Now, I have values of
Par1from all subjects at all visits. Under the assumption of exchangeability, can I do comparison between levels of
Par1using permutation test if I would:
– Compare subjects with drug with those received placebo at V2?
– Compare subjects with feature A with those having feature B at V2?
– Compare subjects having feature A at V2 with those having feature A but at V3?
– By which situation this comparison would be invalid and would violate the assumption of exchangeability?
First, the non-figurative description: Exchangability means that the joint distribution is invariant to permutations of the values of each variable in the joint distribution (i.e, fXYZ(x=1,y=3,z=2)=fXYZ(x=3,y=2,z=1), etc). If this is not the case then counting permutations is not a valid way of testing the null hypothesis, as each permutation will have a different weight (probability/density). Permutation tests depend on each assignment of a given set of numerical values to your variables having the same density/probability.
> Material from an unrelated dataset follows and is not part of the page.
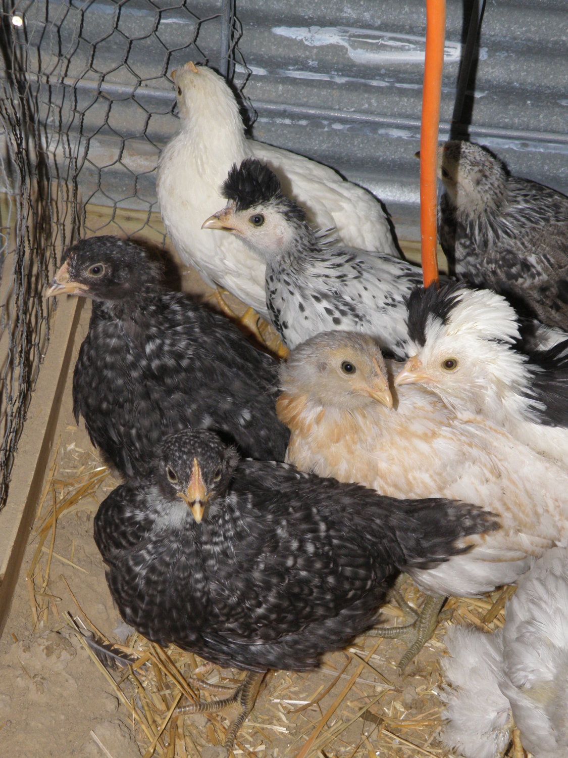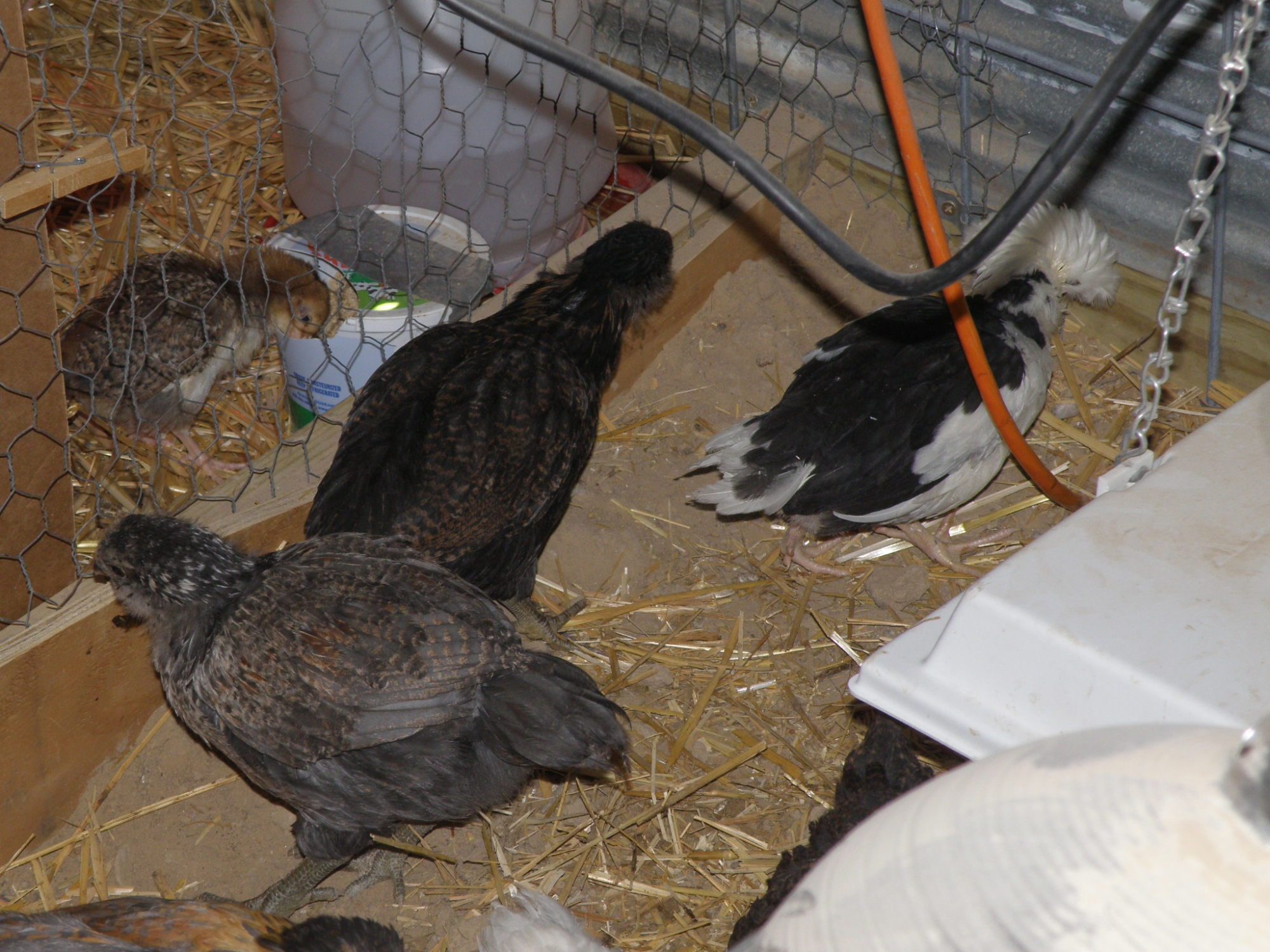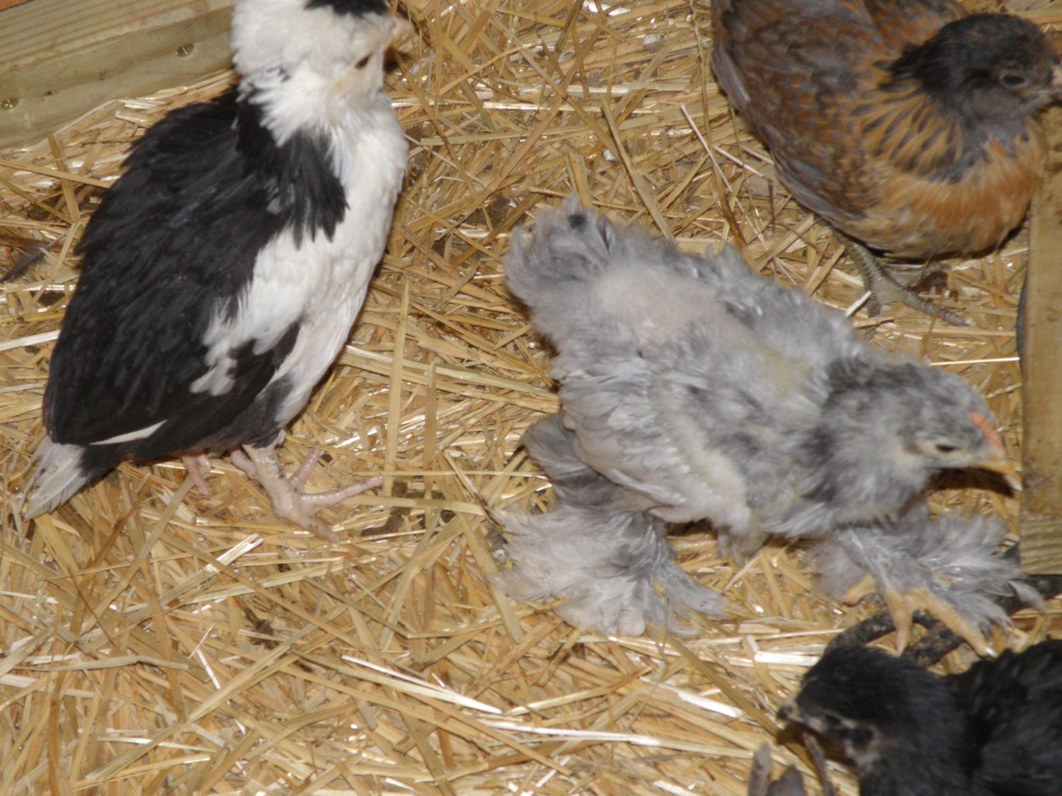 I've had chicks hatching all day yesterday and through about lunch time today in both the incubator and under broodies. Awhile back I put my silkie and 3 cochin hens in my hoop coop, hoping that by keeping them from going broody in the main coop, I'd avoid having 20 broodies at a time like I have the past two years. Broody seems to be contagious and once one does, they all join her. So far so good - the only broody hen in the main coop is that silly little mutt hen brooding on the roosts. The 4 bantams in the hoop coop went several weeks without going broody which is pretty amazing for silkies and cochins in spring. Then a NH broke into the hoop coop so she could go broody in there and as soon as she started sitting, the 3 cochins joined her.

A concrete example where exchangeability is absent: You have N jars, each filled with 100 numbered tickets. The first M jars have tickets with only odd numbers from 1-200 (1 ticket per number), the remaining N-M have tickets for only even numbers between 1 – 200. If you select a ticket from each jar at random, you get a joint distribution on sample results. In this case, f(X1=1,X2=2,X3=3…XN=N)≠f(X1=N,X2=N−1,X3=N−2…XN=1)
so you cannot just count permutations of the values 1 through N. In general, exchangeability fails when your sample can be stratified into sub-groups (as I have done with the jars). Exchangeabilty would be restored if, instead of taking 1 sample from N jars, you took N samples from 1 jar. Then, the joint distribution would be invariant to permutations.